__Problem details__
Give the data below again, word for word.

[Source data]
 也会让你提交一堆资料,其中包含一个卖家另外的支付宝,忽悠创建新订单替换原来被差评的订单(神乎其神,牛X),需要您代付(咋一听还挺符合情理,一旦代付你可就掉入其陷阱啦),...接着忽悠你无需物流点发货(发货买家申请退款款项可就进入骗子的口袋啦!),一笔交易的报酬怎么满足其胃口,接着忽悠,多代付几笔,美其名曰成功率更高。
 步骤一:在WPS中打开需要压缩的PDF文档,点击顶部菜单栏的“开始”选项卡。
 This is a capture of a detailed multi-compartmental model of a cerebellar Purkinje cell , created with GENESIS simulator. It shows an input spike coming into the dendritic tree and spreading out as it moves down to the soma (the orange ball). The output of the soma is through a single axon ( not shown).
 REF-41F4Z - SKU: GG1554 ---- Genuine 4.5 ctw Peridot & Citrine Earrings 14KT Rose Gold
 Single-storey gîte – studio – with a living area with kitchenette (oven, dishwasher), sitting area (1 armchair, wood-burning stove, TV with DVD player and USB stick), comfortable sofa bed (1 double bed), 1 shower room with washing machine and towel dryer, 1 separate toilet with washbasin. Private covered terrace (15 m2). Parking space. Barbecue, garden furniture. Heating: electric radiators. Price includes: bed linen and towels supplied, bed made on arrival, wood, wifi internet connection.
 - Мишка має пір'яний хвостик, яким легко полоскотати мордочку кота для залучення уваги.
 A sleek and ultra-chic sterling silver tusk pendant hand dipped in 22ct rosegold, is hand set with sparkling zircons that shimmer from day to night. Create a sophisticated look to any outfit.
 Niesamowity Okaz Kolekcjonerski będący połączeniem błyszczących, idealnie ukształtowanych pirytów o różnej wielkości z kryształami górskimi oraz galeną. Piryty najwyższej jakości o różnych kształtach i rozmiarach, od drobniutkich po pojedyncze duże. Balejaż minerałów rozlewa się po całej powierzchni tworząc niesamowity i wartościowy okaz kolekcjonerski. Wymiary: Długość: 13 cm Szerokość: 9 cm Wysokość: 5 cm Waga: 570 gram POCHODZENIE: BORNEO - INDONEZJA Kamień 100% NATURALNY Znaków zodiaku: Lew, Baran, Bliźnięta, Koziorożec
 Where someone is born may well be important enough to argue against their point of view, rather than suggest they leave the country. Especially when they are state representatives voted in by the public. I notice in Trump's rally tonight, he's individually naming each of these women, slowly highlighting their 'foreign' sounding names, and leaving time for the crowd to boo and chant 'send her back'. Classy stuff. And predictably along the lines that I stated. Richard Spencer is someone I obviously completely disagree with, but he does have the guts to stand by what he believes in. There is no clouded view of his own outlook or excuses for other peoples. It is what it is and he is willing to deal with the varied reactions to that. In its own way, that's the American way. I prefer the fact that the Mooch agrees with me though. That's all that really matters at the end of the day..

__Exercise result__
 也会让你提交一堆资料,其中包含一个卖家另外的支付宝,忽悠创建新订单替换原来被差评的订单(神乎其神,牛X),需要您代付(咋一听还挺符合情理,一旦代付你可就掉入其陷阱啦),...接着忽悠你无需物流点发货(发货买家申请退款款项可就进入骗子的口袋啦!),一笔交易的报酬怎么满足其胃口,接着忽悠,多代付几笔,美其名曰成功率更高。
 步骤一:在WPS中打开需要压缩的PDF文档,点击顶部菜单栏的“开始”选项卡。
 This is a capture of a detailed multi-compartmental model of a cerebellar Purkinje cell , created with GENESIS simulator. It shows an input spike coming into the dendritic tree and spreading out as it moves down to the soma (the orange ball). The output of the soma is through a single axon ( not shown).
 REF-41F4Z - SKU: GG1554 ---- Genuine 4.5 ctw Peridot & Citrine Earrings 14KT Rose Gold
 Single-storey gîte – studio – with a living area with kitchenette (oven, dishwasher), sitting area (1 armchair, wood-burning stove, TV with DVD player and USB stick), comfortable sofa bed (1 double bed), 1 shower room with washing machine and towel dryer, 1 separate toilet with washbasin. Private covered terrace (15 m2). Parking space. Barbecue, garden furniture. Heating: electric radiators. Price includes: bed linen and towels supplied, bed made on arrival, wood, wifi internet connection.
 - Мишка має пір'яний хвостик, яким легко полоскотати мордочку кота для залучення уваги.
 A sleek and ultra-chic sterling silver tusk pendant hand dipped in 22ct rosegold, is hand set with sparkling zircons that shimmer from day to night. Create a sophisticated look to any outfit.
 Niesamowity Okaz Kolekcjonerski będący połączeniem błyszczących, idealnie ukształtowanych pirytów o różnej wielkości z kryształami górskimi oraz galeną. Piryty najwyższej jakości o różnych kształtach i rozmiarach, od drobniutkich po pojedyncze duże. Balejaż minerałów rozlewa się po całej powierzchni tworząc niesamowity i wartościowy okaz kolekcjonerski. Wymiary: Długość: 13 cm Szerokość: 9 cm Wysokość: 5 cm Waga: 570 gram POCHODZENIE: BORNEO - INDONEZJA Kamień 100% NATURALNY Znaków zodiaku: Lew, Baran, Bliźnięta, Koziorożec
 Where someone is born may well be important enough to argue against their point of view, rather than suggest they leave the country. Especially when they are state representatives voted in by the public. I notice in Trump's rally tonight, he's individually naming each of these women, slowly highlighting their 'foreign' sounding names, and leaving time for the crowd to boo and chant 'send her back'. Classy stuff. And predictably along the lines that I stated. Richard Spencer is someone I obviously completely disagree with, but he does have the guts to stand by what he believes in. There is no clouded view of his own outlook or excuses for other peoples. It is what it is and he is willing to deal with the varied reactions to that. In its own way, that's the American way. I prefer the fact that the Mooch agrees with me though. That's all that really matters at the end of the day..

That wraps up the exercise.